When one uses fold with something like HashMap what happens to the HashMap since it is not Copy?

//a silly example
		(1..10).fold(HashMap::<String, u8>::with_capacity(10), |mut s, c| {
        //here what happens to the hashmap? does it get copied? 
			s.insert(c.to_string(), c);
			s
		})

You can't use fold on a HashMap directly. You have to use it on an Iterator, which means you either borrow the HashMap or take ownership of it (depending on how you construct the iterator), wherein it will be released or dropped, respectively, when the iterator goes out of scope.

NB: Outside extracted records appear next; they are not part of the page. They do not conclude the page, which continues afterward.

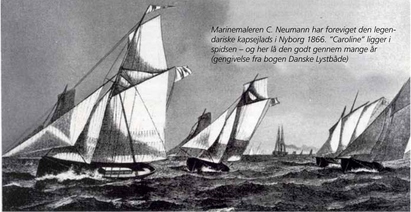
Marinemaleren C. Neumann har foreviget den legendariske kapsejlers i Nyborg 1866. "Caroline" ligger i spidsen – og her lå den godt gennem mange år (gengivelse fra bogen Danske Lystbåde)

give den genopståede "Caroline" status som bevaringsværdigt fartøj – ikke mindst ud fra foreningens erklærede mål at bygge båden "... så tæt på originalen hvad angår udformning, materialer og byggemetoder som muligt. Der anvendes egetræ i skroget, trænagler og kobbersøm/ klinker til påhæftning af hudplanker."
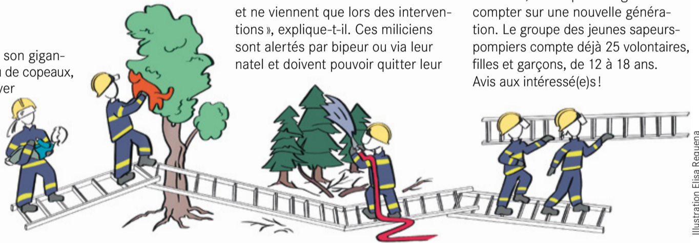
Illustration Elisa Requena
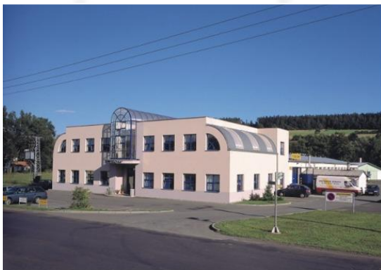
Завод-изготовитель в городе Горжовице
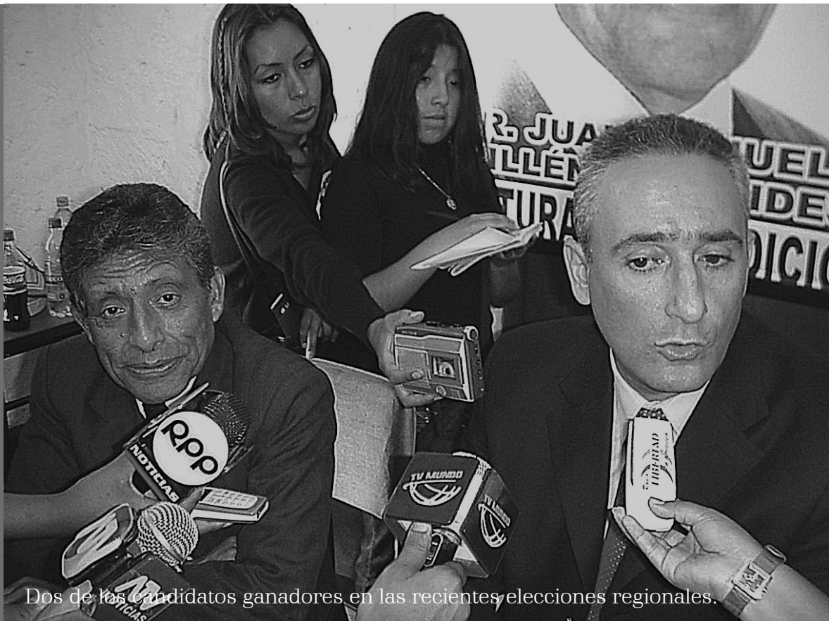
Dos de los candidatos ganadores en las recientes elecciones regionales.

ras partidarias, pero, sobre todo, se instaló la política local, cuando no tribal.

I am sorry seems I wasnt very clear I will add an update to my question

Let's just annotate the types in question:

(1..10).fold(
    HashMap::<String, u8>::with_capacity(10),
    |mut s: HashMap<String, u8>, c: u8| -> HashMap<String, u8> {
        s.insert(c.to_string(), c);
        s
    },
);

You can see that the callback called by fold takes and returns the owned HashMap, i.e. it is first moved from fold into the callback and then from callback back to fold.

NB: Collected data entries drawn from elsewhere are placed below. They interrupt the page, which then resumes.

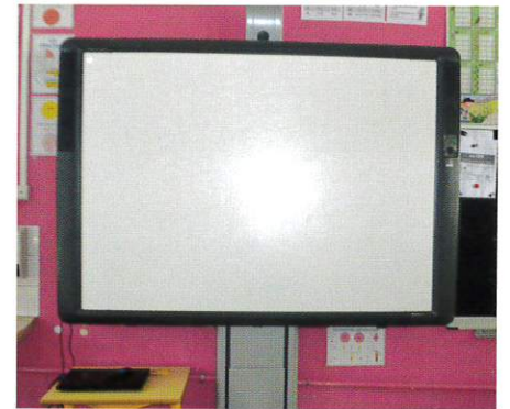
Tableau blanc interactif.
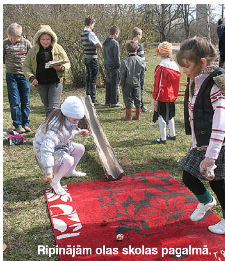
Ripinājām olas skolas pagalmā.

Atskatīsimies, kā svinējām Liendienas Mētrienas pamatskolā un Mētrienas tautas namā, kur tika rādīts muzikāls uzvedums „No Metenjiem līdz Liediem”. Uzvedumā piedalījās visi tautas nama pašdarbības kolektīvi un Mētrienas pamatskolas pirmsskolas grupas audzēkņi.
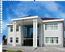
Shang-hai, China 1993年設立
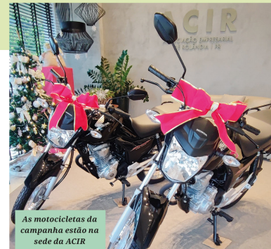
As motocicletas da campanha estão na sede da ACIR

Contando com as motos, a campanha sorteará um total de 28 prêmios, que incluem: duas fritadeiras, dois liquidificadores, um
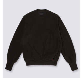
PULLOVER CREW (BLACK)

I meant what exactly happens and what’s the cost of it since it’s a value isn’t it moved constantly from inner stack to the outer and Vice verse

In debug builds, yes, it will be moved back and forth. In optimized builds, the moves will be optimized away.

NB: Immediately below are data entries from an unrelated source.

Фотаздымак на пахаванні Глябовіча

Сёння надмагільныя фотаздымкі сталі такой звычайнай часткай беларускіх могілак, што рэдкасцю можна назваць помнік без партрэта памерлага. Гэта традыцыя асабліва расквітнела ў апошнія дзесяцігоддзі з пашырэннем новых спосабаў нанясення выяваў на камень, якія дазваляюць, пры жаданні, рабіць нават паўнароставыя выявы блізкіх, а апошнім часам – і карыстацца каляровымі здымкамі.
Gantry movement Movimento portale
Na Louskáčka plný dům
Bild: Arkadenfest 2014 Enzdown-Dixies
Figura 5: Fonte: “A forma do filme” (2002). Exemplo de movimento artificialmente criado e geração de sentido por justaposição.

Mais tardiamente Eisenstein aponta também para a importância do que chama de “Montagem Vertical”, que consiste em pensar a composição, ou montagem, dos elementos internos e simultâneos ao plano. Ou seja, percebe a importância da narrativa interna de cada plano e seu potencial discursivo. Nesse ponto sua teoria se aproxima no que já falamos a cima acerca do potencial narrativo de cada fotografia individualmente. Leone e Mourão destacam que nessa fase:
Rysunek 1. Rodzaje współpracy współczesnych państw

And it's not moving the entire hash table data (since that's allocated separately on the heap), only the few bytes of the “root” of the data structure.

Remember that HashMap isn't Copy (and it can't be, because it needs to do cleanup when dropped). So it'll only get copied by some explicit operation -- like .clone() -- and thus it can't be being copied here because you didn't call such a thing. (And you can look at fold to see it doesn't have a Clone bound on anything, so it's not copying stuff either.)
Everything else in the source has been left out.